THE YELLOW BOOK: A TRAVELLER’S DIARY
By Amitava Kumar
Harper Collins, Rs 699
One of the better ways to read the author, Amitava Kumar, is inside and outside trains. This is because his descriptions, and the thread of interiority that he ties them with, are best experienced between saccades of practised reflection. We come to romanticise our surroundings as paradigms of society, the crying baby arousing thoughts similar to James Baldwin’s (“The children are always ours, every single one of them, all over the globe,” from The Nation’s November, 1980 issue), we see the hapless mother in the image of Virgin Mary, or the odd labourer as a forthcoming union man. Kumar’s oeuvre enthrals readers with the miscibility of its subject matter; A Matter of Rats (2014), for instance, grows from a history of a mouse-eating people to a firm ribbing
of one’s homeland, one that is so prurient and yet so beloved.
In his latest entrée, titled The Yellow Book, he designs smooth vignettes that circulate around indicia of contemporary interests — the Covid pandemic, the grievous assault on Salman Rushdie, Kumar’s writing and London-strolling classes, encounters with intellectual life — but then spiral out in beatific splendour. The volume comprises distillations from public lectures, summarised essays, and despatches from a diary where, at one point, he eloquently jots down thoughts on rediscovering Joan Didion (an early morning text reads, in rare solemness, “Joan Didion died”). His approach to cultural commentary, here as elsewhere, has always been unconventionally dynamic, humorous, and personal. This one has him painting original artwork in the margins, too.
As Steven Spielberg recently captured, in a scene depicting divorce in The Fabelmans (2022), creative people suffer from an incurable generative instinct.

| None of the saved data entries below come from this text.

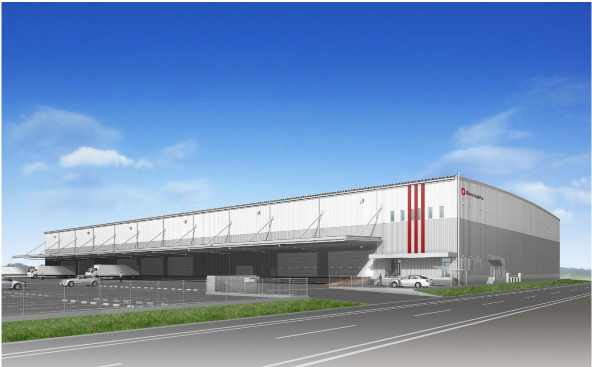
【(仮称) 鹿児島臨空物流センター 完成予想図】

また、本センターの開発決定に伴い、2023年11月14日、霧島市と霧島市鹿児島臨空工業団地における立地協定を締結しましたので、併せてお知らせします。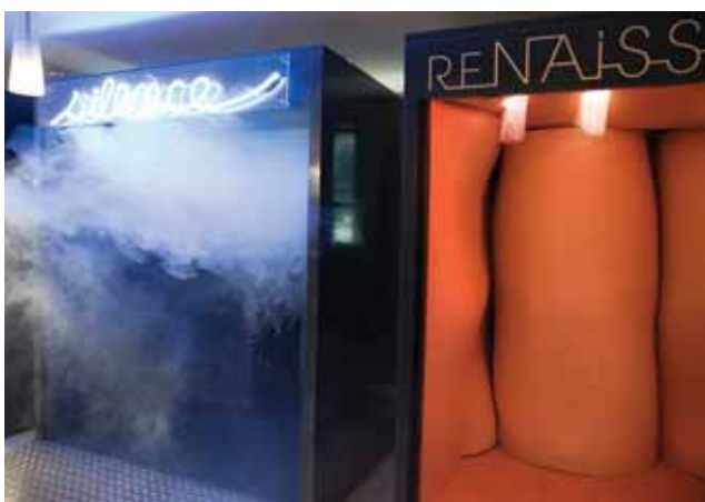
Un parcours sensoriel d'exposition composé de plusieurs modules

Deux à trois semaines avant la formation, un temps de sensibilisation est proposé sur la thématique des handicaps sensoriels. « Le parcours sensoriel est une exposition artistique qui plonge les visiteurs dans un univers sensoriel unique, propice aux échanges et à la découverte de nos potentiels », explique Deza Nguembock, directrice générale d'E&H LAB. Cette étape se tient sur plusieurs jours avec un parcours sensoriel associé à un programme d'animations qui varie selon les villes. Les associations du Bucodes SurdiFrance situées à proximité de cet événement pourront proposer une animation ou une action de sensibilisation de leur choix, en concertation avec l'organisation.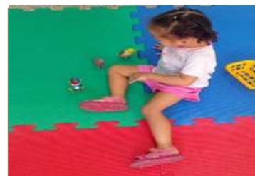
Brincadeira de Faz de conta com animais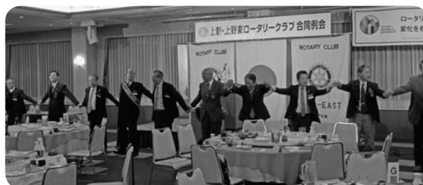
上野・上野東合同例会 (3/20)

Kumar, too, is transfixed at a railway station in London as he watches an approaching train run through a man, followed by the frightening image of “red vapour”. How the sausage gets made in the writerly life is harrowing. The book deals with part of that by capturing the writing of itself (because Kumar was writing the quoted diary while he was, in pieces, writing the book that contains it) and profiles a purlieu of rejections and revisions.
Lack of structure is pervasive, a feature necessary to create meaning through contingency. Even his students, he notes in his diary, worry about this crucial ‘structure’. In Everyday I Write the Book: Notes on Style (2020), the author attempted a meta-commentary. In my reading, his thesis was whether creative writing and fiction could be fused, and through chronicling various debates on the same, he eventually unified a collected criticism of that thesis with creative writing that was his own opinion on the matter. It doesn’t so much, then, provide notes (perhaps an instruction), but a roundtable on the academic subject of style, albeit with some practicable details. Some call it, and wrongly, abstruse.
The Yellow Book is suffused with the enlightening vim of John Berger, the piercing sagacity of Peter Schjeldahl, and an abutting of time and place that few are capable of accomplishing so well. It provides a liberated scullery for a life in letters, throwing light on the odd habit of mundane events of filtering through consciousness in the garb of stuff one has involuntarily committed to memory.
Amitava Kumar succeeds in putting down in words a feeling of sustained Stendhal syndrome through the length of the work. The crucial element that makes this brand of memoir sing is that it is outward-facing, linking observations with erudition, ricocheting off authors and artistes to condense a large web of monumental paraphernalia that is someone’s mind. In its indulgent soirées, useful abstractions and hearty metonymies, The Yellow Book is a gale of fresh, classic fare.